Assessing the Performance of Probabilistic Likely Voter Models in the 2024 Election
- Probabilistic likely voter models, trained on the voter file, predicted turnout to the 2024 election with a high degree of accuracy.
- In states with significant polling error, the error seems to have been driven primarily by nonresponse—specifically, lower response rates among voters modeled to have a moderate probability of supporting Trump—rather than likely voter modeling.
- In election polls that use registration-based samples, it may be possible to reduce polling error by calibrating to voter-file-based benchmarks for the interaction between modeled turnout probability and modeled vote preference.
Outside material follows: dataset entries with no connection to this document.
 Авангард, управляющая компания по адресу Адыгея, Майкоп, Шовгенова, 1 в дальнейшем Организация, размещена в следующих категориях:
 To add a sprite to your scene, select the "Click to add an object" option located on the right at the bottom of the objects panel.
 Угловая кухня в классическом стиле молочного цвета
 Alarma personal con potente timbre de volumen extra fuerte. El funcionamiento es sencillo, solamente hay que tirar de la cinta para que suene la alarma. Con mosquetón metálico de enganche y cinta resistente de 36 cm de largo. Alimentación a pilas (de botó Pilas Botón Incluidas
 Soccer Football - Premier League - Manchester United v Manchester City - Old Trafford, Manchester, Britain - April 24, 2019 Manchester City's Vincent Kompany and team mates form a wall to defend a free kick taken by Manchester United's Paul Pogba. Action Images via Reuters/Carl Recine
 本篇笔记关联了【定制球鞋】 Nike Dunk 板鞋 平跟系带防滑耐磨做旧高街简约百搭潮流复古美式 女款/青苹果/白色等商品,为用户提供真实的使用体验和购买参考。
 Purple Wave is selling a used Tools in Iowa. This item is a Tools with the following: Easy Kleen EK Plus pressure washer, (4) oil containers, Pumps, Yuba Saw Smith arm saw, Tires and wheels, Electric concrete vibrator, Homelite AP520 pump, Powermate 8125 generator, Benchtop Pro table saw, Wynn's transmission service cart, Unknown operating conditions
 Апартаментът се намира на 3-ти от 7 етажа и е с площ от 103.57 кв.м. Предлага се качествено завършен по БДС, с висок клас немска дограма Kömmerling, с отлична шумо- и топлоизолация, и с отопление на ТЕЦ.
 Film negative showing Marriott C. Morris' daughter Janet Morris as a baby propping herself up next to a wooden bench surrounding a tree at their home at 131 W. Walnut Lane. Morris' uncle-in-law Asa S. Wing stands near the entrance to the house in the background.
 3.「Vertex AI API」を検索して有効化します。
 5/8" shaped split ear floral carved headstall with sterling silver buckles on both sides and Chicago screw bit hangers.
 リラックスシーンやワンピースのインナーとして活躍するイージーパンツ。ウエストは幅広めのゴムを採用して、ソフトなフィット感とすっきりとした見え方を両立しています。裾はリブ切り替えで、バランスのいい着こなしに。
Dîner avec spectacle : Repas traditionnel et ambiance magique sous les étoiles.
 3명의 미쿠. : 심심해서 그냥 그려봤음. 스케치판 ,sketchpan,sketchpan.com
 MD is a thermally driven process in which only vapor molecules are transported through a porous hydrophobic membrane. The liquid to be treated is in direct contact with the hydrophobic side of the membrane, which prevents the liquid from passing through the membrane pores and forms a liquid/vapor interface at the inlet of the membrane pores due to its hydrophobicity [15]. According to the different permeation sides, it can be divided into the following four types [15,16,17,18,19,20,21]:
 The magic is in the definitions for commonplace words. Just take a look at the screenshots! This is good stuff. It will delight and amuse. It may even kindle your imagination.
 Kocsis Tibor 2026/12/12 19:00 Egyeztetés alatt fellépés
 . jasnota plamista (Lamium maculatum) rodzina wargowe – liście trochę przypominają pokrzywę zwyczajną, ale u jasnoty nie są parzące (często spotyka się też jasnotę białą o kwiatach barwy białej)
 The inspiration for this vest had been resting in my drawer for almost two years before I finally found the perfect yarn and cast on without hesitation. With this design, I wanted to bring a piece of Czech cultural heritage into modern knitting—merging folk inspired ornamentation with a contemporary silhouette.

The Effectiveness of Custom Calibration in Combining Mixed-Probability Samples
- Thoughtful weighting procedures are needed when combining probability and non-probability based samples to consider factors beyond demographics
- Adjustments using Encipher, based on non-demographic calibration, can provide stable estimates for small populations
- Estimates are similar to other probability-only sources

POSTER: Understanding Uninsured Respondents: Insights from State Health Surveys in Oregon, Minnesota, and Massachusetts
- The incidence of uninsured is higher on a prepaid cell phone frame than an address-based sample (ABS) frame.
- Within the ABS frame, the incidence of uninsured is higher among those using the inbound telephone mode than those completing on the web.
- Although demographic trends in uninsurance rates are fairly consistent across states, there are important differences in orders of magnitude that are worthy of attention when planning sample designs.

POSTER: Penny for your thoughts? Incentive Structure and Unexpected Changes to ABS Yield during the Oregon Health Insurance Survey
- Between the 2023 and 2024 cycles of OHIS, SSRS had to switch from a $1 visible cash pre-incentive to a $10 conditional post-incentive. Despite this change, which we anticipated would hurt survey yield in 2024, we actually saw a dramatic improvement in the amount of completes yielded per piece of sample.
- While there was no experimental data to analyze, a process analysis showed that other than the change in incentive structure, there were no other major changes made to the survey processes or protocol that could account for this change.
A descriptive analysis of the demographic and geographic data showed that the improved responsiveness did not alter the distribution of important demographic or regional traits in the data. - While we can’t say for certain that the incentive changes were involved in the yield change, we suspect they are related and call for replication in a controlled experiment, potentially paying attention to survey region if done outside of Oregon.